PROBLEM REQUIREMENTS
Set out exactly, and only, the lines running from the one containing "2月11日,农历大年三十,一" to the bottom of the listing below; pictures stay out.

DATASET CONTENT
——————
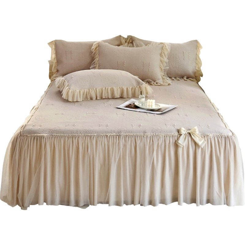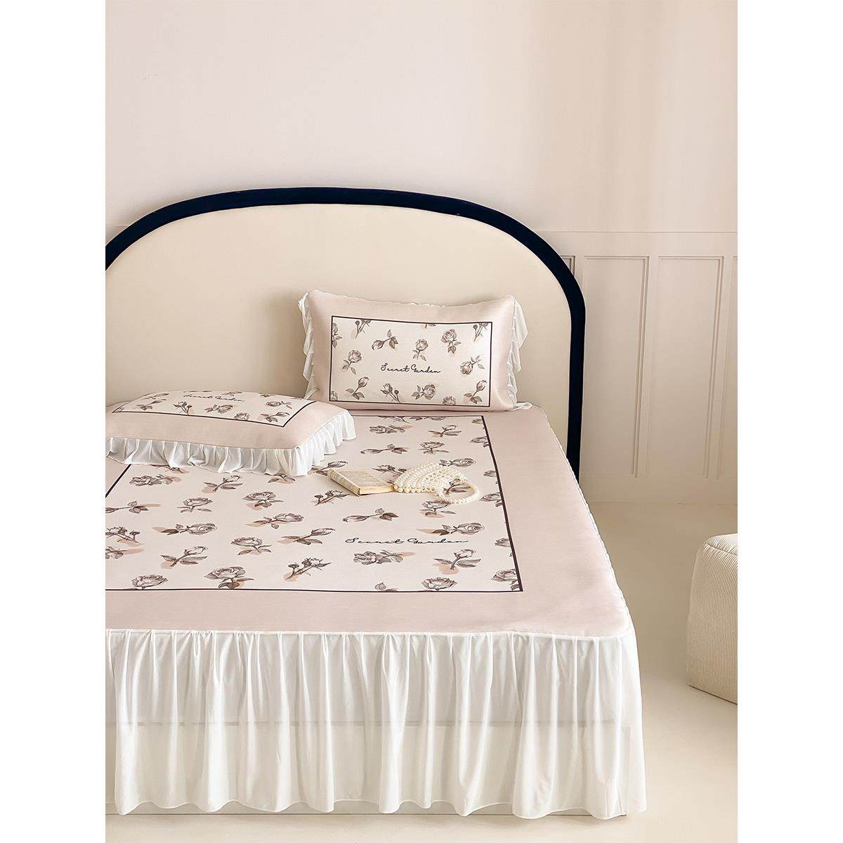 夏季裸睡冰豆豆凉席床裙款三件公主风蕾丝边纯色凉感空调软席子
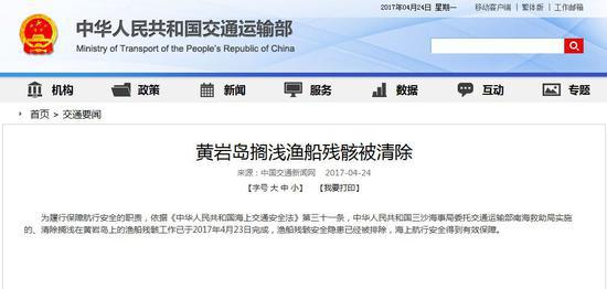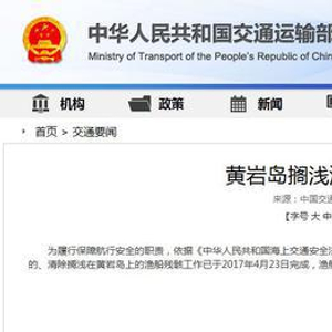 中新网4月24日电 据交通运输部网站消息,为履行保障航行安全的职责,依据《中华人民共和国海上交通安全法》第三十一条,中华人民共和国三沙海事局委托交通运输部南海救助局实施的、清除搁浅在黄岩岛上的渔船残骸工作已于2017年4月23日完成,渔船残骸安全隐患已经被排除,海上航行安全得到有效保障。
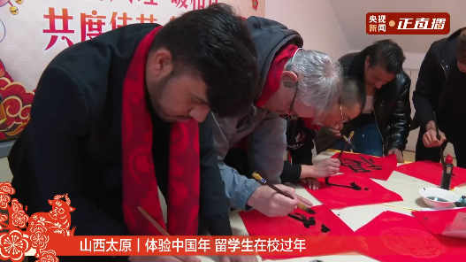 2月11日,农历大年三十,一大早,我校迎西校区学生公寓九号楼处处洋溢着喜庆的节日氛围,留校过年的中外学生欢聚一堂、共话年味。当天上午,《央视新闻》“牛气‘食’足 寻味年夜饭”栏目对此进行了全程直播,赢得了国内外社会各界的广泛关注。
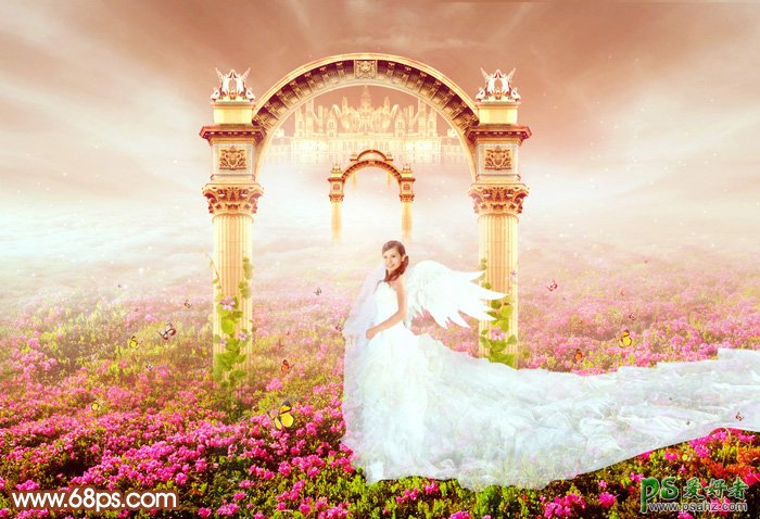 今天我们来学习一篇PS美女婚片调色教程实例,PS调出暖色调圣洁天使婚纱照,美女婚纱写真照,天使婚片的前期构思非常重要,我们可以把天使与圣殿,天使之门等联系起来。然后再整理素材,找到灵感后再慢慢构图,尽量用纯美,梦幻的效果来表现画面。最终效果
——————
RESULT FOR THIS EXERCISE
 2月11日,农历大年三十,一大早,我校迎西校区学生公寓九号楼处处洋溢着喜庆的节日氛围,留校过年的中外学生欢聚一堂、共话年味。当天上午,《央视新闻》“牛气‘食’足 寻味年夜饭”栏目对此进行了全程直播,赢得了国内外社会各界的广泛关注。
 今天我们来学习一篇PS美女婚片调色教程实例,PS调出暖色调圣洁天使婚纱照,美女婚纱写真照,天使婚片的前期构思非常重要,我们可以把天使与圣殿,天使之门等联系起来。然后再整理素材,找到灵感后再慢慢构图,尽量用纯美,梦幻的效果来表现画面。最终效果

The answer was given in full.